ALBANY — State legislators moved Wednesday to pass far-reaching bills to overhaul farm operations throughout New York and compel the state to move to 100 percent renewable energy within the next 21 years.
The farm bill would give workers new rights to unionize, one day off per week and a 60-hour workweek. It would undo a provision in state law that for some 80 years allowed farmworkers to be treated differently from other workers — a change, some said, that would cause some farms to go under.
The climate-change bill, called by supporters the most aggressive in the nation, requires the state to reduce its greenhouse gas emissions by 85 percent by 2050. And it orders the state to use carbon-free power by 2040 — goals that critics said would prove unrealistic and extremely costly to average residents.
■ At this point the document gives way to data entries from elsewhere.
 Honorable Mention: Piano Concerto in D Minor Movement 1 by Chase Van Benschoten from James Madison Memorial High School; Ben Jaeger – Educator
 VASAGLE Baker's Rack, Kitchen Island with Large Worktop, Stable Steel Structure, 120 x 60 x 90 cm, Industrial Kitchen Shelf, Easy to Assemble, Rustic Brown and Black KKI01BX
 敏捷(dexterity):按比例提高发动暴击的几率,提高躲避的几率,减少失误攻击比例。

The bills were just the latest in what’s now a long series of progressive measures enacted in Albany since Democrats won the Senate last November, giving the party complete control of state government.
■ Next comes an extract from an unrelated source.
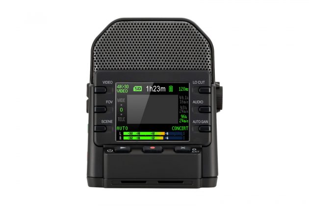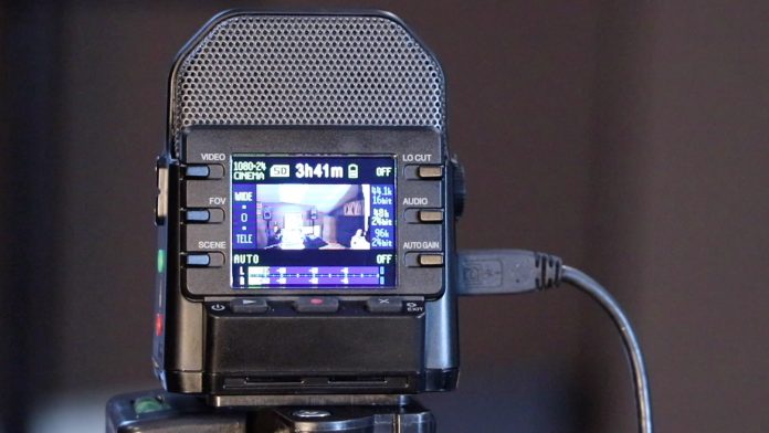 Aby zacząć korzystać z Zoom Q2n-4K, wystarczy go po prostu włączyć… Dosłownie! Małymi przyciskami umieszczonymi po lewej stronie ekraniku wybierzemy tryb obrazu, format kadru i preset sceny. Przyciski po prawej odpowiadają za funkcje audio: filtr dolnozaporowy (80 Hz, 120 Hz, 160 Hz lub wyłączony), jakość zapisu dźwięku oraz poziom wzmocnienia – możemy wybrać jeden z automatycznych presetów (Concert, Solo, Meeting) lub zrobić to samemu za pomocą pokrętła na prawym boku obudowy.
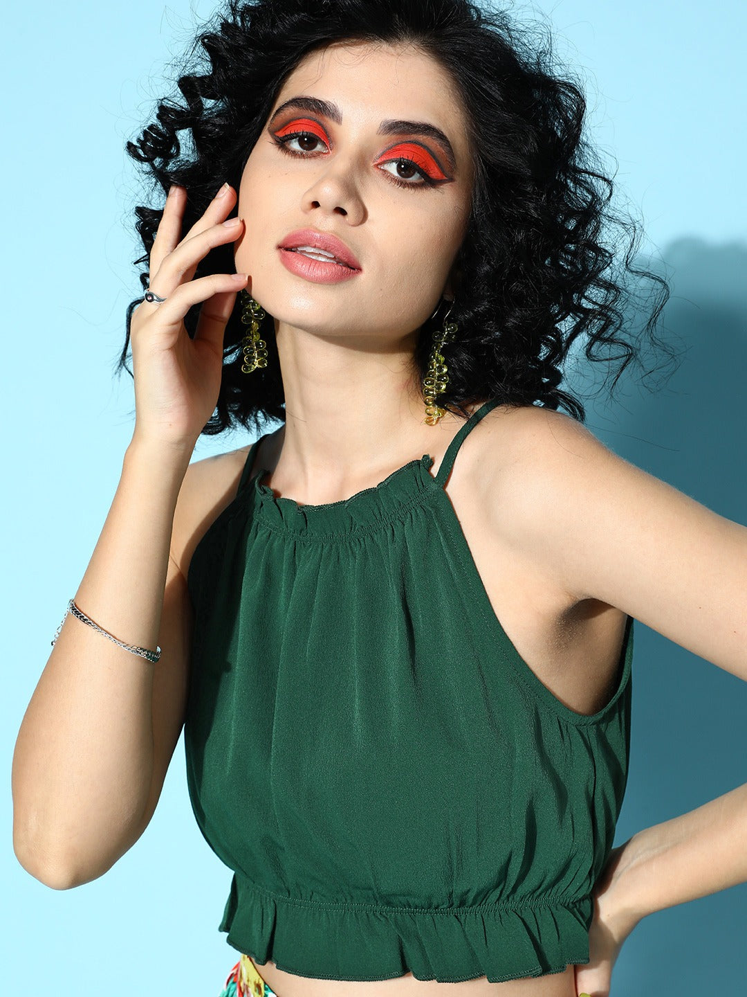 Embody modern charm with a voguish twist and classy hues by adding in your cart this glamorous Solid Green Round Neck Sleeveless Tie-Up Back Crepe Cropped Top from the latest casual wear collection launched by Berrylush. Adorned with a round neck design that lends your neckline a smart definition without exposing much skin along with excellent breathability. Rendered from lightweight polyester material to offer this top has quick-drying and sweat-wicking properties to keep your body comfortable even on hot days. The woven detailing amplifies the overall formation and virtual appearance of this top. Complete your look beautifully by teaming it with a mini skirt, pump heels, and a chic handbag.

Here’s a look at how some of the issues were faring during the marathon proceedings of what was supposed to be the final day of the 2019 legislative session:
One opponent, Senate Minority Leader John Flanagan (R-East Northport), said of the plan: “Aspirational? Yes. Realistic? No.” He noted that New York achieved just an 8 percent reduction in greenhouse gases between 1990 and 2015. Further, he said, the bill should include significant tax credits to employers and homeowners to meet the higher costs of renewable energy.
Sen. Todd Kaminsky (D-Long Beach), who sponsored the bill with Assemb. Steve Englebright (D-Setauket), said the plan will mandate adjustments but will make New York a leader -- “on the ground floor of the green energy movement.” “There’s no doubt it’s going to be a Herculean effort, but we have no choice and I believe we can get there,” Kaminsky said.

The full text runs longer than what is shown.